Your strategy is long-only, and enters when O-C > 0.01? That sounds like a strategy that will buy every up-day morning at 9:30am and hold for one minute, plus randomly when the market moves up two ticks at once at that boundary. Maybe try after excluding 1600->0930.

Thanks Simon,

Yeah, it finally sunk in that it is not purely intraday, since it could end up holding overnight and then selling, which would allow for significant price drift (if I'm thinking about it correctly).
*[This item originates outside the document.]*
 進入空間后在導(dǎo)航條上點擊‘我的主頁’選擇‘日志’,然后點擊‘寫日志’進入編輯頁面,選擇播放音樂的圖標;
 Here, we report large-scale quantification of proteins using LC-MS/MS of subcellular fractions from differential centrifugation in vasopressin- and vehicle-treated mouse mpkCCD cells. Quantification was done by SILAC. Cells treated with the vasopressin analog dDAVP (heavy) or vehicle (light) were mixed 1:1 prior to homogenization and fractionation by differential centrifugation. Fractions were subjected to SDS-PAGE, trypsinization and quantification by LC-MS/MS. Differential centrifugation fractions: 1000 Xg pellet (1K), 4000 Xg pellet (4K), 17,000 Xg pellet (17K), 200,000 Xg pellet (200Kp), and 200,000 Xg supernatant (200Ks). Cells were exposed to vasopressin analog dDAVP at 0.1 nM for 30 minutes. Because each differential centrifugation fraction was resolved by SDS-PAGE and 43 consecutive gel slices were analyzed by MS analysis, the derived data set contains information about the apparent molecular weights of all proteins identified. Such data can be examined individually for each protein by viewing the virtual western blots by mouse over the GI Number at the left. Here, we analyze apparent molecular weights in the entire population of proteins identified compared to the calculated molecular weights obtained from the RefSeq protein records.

Maybe this would be a chance to try that new function scheduler helper method that Quantopian just released.

Grant

For illiquid securities, there are missing bars in the Quantopian backtesting database, which Quantopian sometimes fills forward (depending on how the backtest algo is configured). But, I guess it is possible that there is forward filling by Nanex for certain cases. I'm figuring that O is the first price, H (L) is the absolute high (low), and C is the last price, within a minute-long time window (which is defined either by the stamps on the trades on the tape, or by Nanex's own clock or one provided with the tape). If a minutely bar is defined as I think, then if there is only one trade within a given minute (or all of the trades are coincidentally at exactly the same price), then one could have a O=H=L=C bar.
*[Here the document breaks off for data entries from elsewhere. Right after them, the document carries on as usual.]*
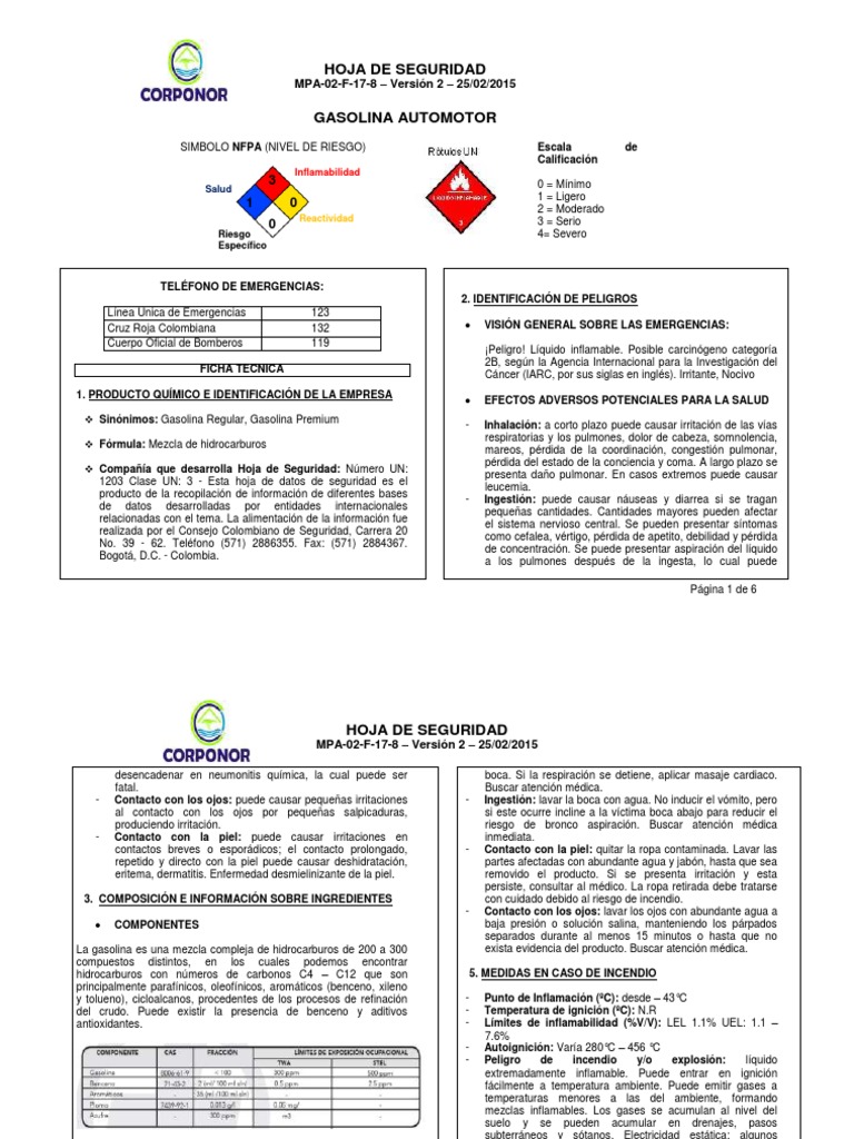 1203 Clase UN: 3 - Esta hoja de datos de seguridad es el
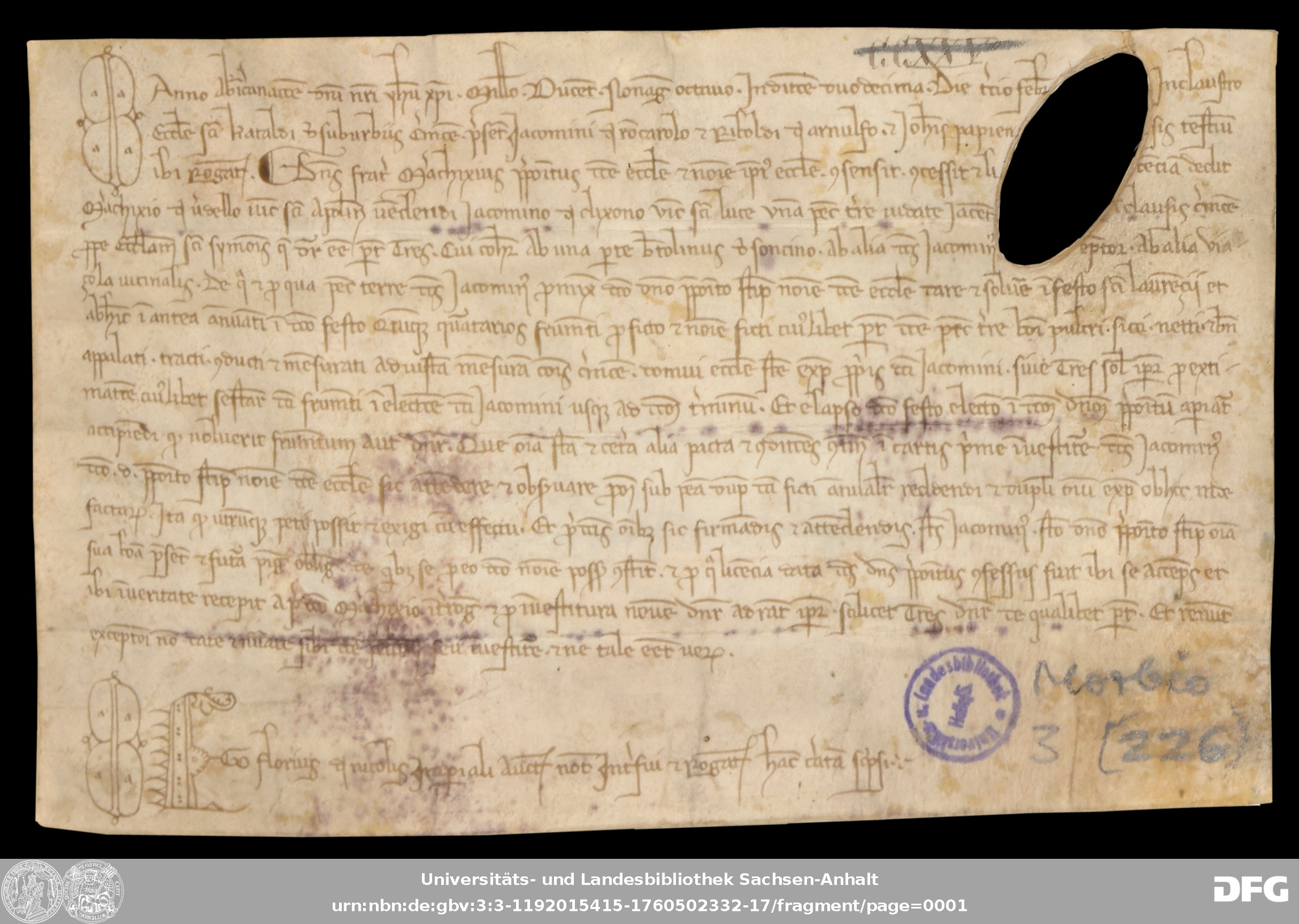 | Serie: | Urkunden aus der Sammlung Morbio der Universitäts- und Landesbibliothek Sachsen-Anhalt Halle |
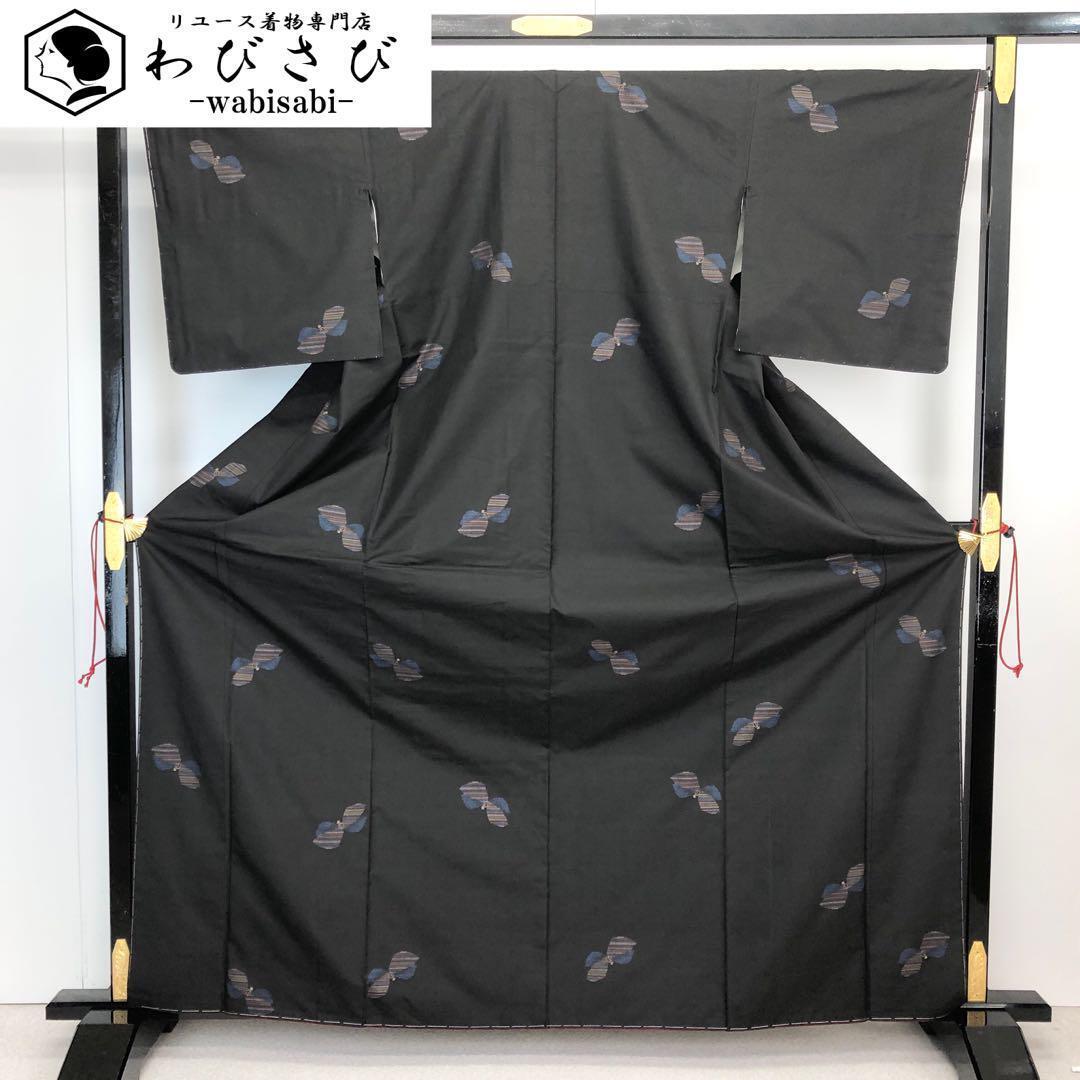 - 本場大島紬 地空き 蝶々柄 黒色 しつけ糸 トールサイズ K-4154 着物 きもの kimono 和服 和装 中古 リサイクル着物 【送料無料】

Well, there's no Quantopian clock, per se. The function handle_data only gets called if there is data, which means that at least one bar for all of the securities available to the algo is not empty in the database. Typically, it is recommended that SPY be added to the algorithm (even if it is not traded) as a proxy for a market clock.
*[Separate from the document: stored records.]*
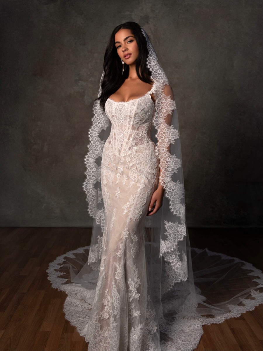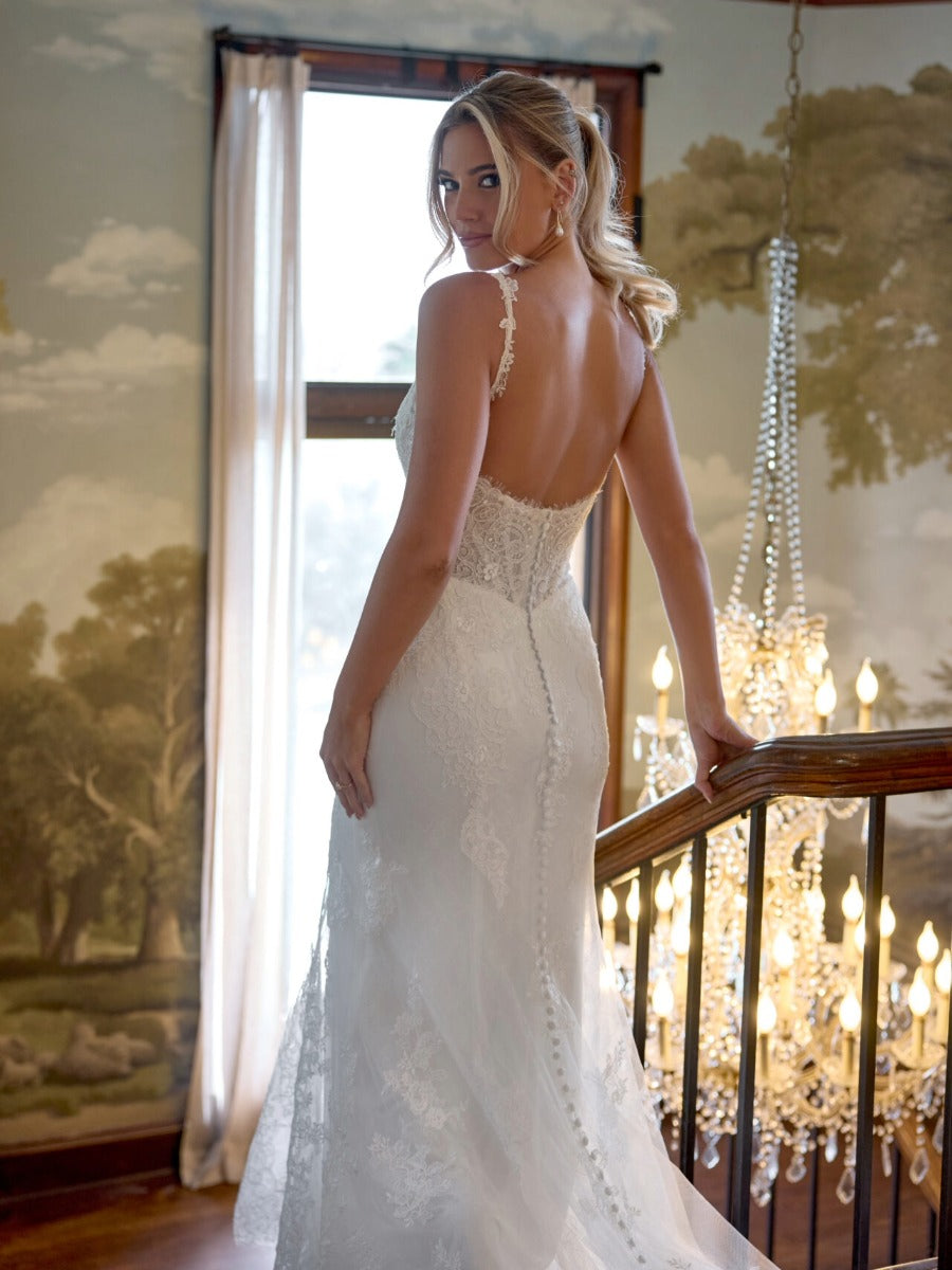 Style D4437 is a romantic revival of old-world elegance, blending vintage-inspired details with a refined silhouette. Crafted in lace and tulle, this fit-and-flare gown features a soft scooped neckline with lace-shaped straps and a structured bodice with corset boning for subtle definition. A delicate Chantilly lace underlay adds texture beneath matte floral lace appliqués, while the Basque waist elongates the frame with a nod to classic design. The look finishes with a scalloped lace-shaped train, offering a dramatic and graceful finish for the bride drawn to timeless craftsmanship and beauty. Also available in plus sizes.
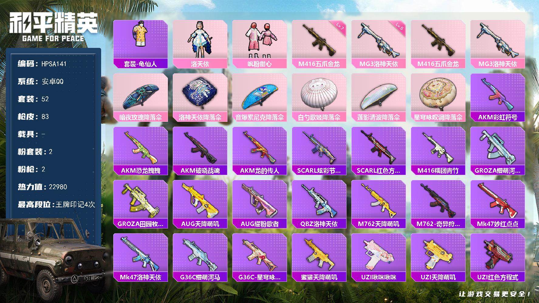 52套装/枪械2/装备77/战备63/王牌印记4/热力值22980/七级
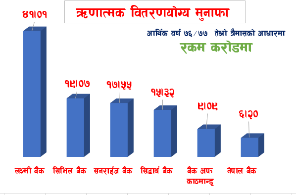 सम्पूर्ण वाणिज्य बैंकले आर्थिक वर्ष ७६/७७को तेश्रो त्रैमासको वित्तिय विवरण सार्वजनिक गरेका छन् । लकडाउनको कारणले धेरै बैंकको व्याज नउठेको कारण वाणिज्य बैंकको वितरण योग्य मुनाफा भने आकर्षक हुन् सकेको छैन । तेश्रो त्रैमाससम्म ६ वाणिज्य बैंकको वितरणयोग्य मुनाफा भने ऋणात्मक छ। वितरणयोग्य मुनाफा ऋणात्मक हुने वाणिज्य बैंकमा लक्ष्मी बैंक, सिभिल बैंक, सनराईज बैंक, सिद्धार्थ बैंक, बैंक अफ काठमान्डू र नेपाल बैंक रहेका छन् । लक्ष्मी बैंकको वितरणयोग्य मुनाफा सर्वाधिक ४१ करोड ऋणात्मक छ।
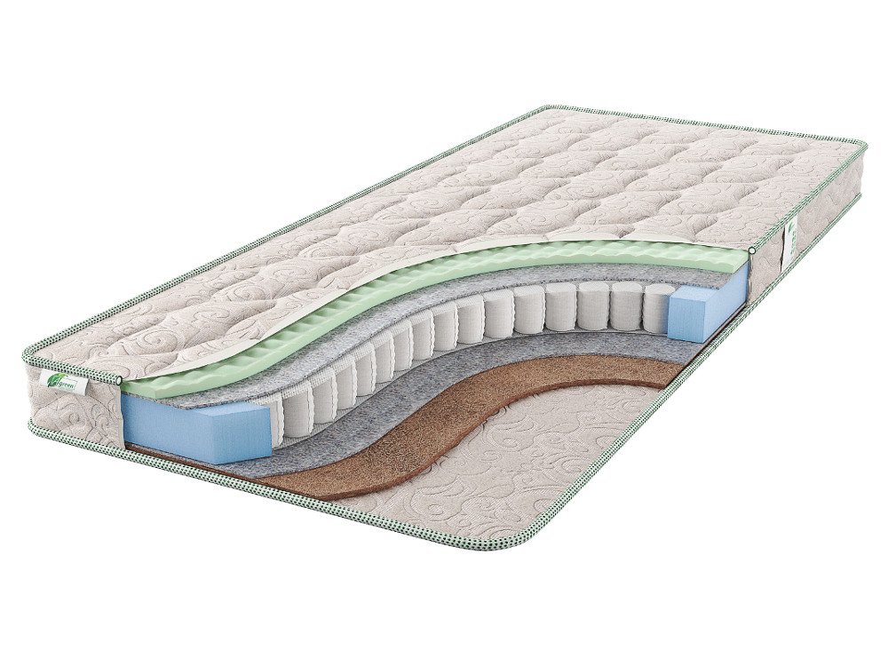 Кокосовая койра - экологически чистый натуральный наполнитель, состоящий из кокосовых волокон, обладает хорошим воздухо- и влагообменом, гипоаллергенностью и долговечностью.

There's a rather extensive discussion here:

https://www.quantopian.com/posts/thinly-traded-stocks-why-no-gaps

As Fawce shared there, you can test:

# http://seekingalpha.com/article/123969-five-thinly-traded-stocks-with-plenty-of-upside  
def initialize(context):  
    context.stocks = [sid(3722),sid(33054),sid(16812),sid(5107),sid(1675)]  
def handle_data(context, data):  
    for stock in data:  
        if data[stock].datetime < get_datetime():  
            log.info("no trades in {s}".format(s=stock.symbol))  

The history API also allows one to toggle filling on/off:

Illiquidity and Forward Filling

By default, history methods will forward fill missing bars. If there is trade data missing for a security one day, the function will use the previous known price until there is new trade data.

However, it can be useful to have visibility into gaps in the trading history. We provide an option for the history methods, which disables forward filling. e.g., history(bar_count=15, frequency='1d', field='price', ffill=False) will return a DataFrame that has nan value for price for days on which a given security did not trade.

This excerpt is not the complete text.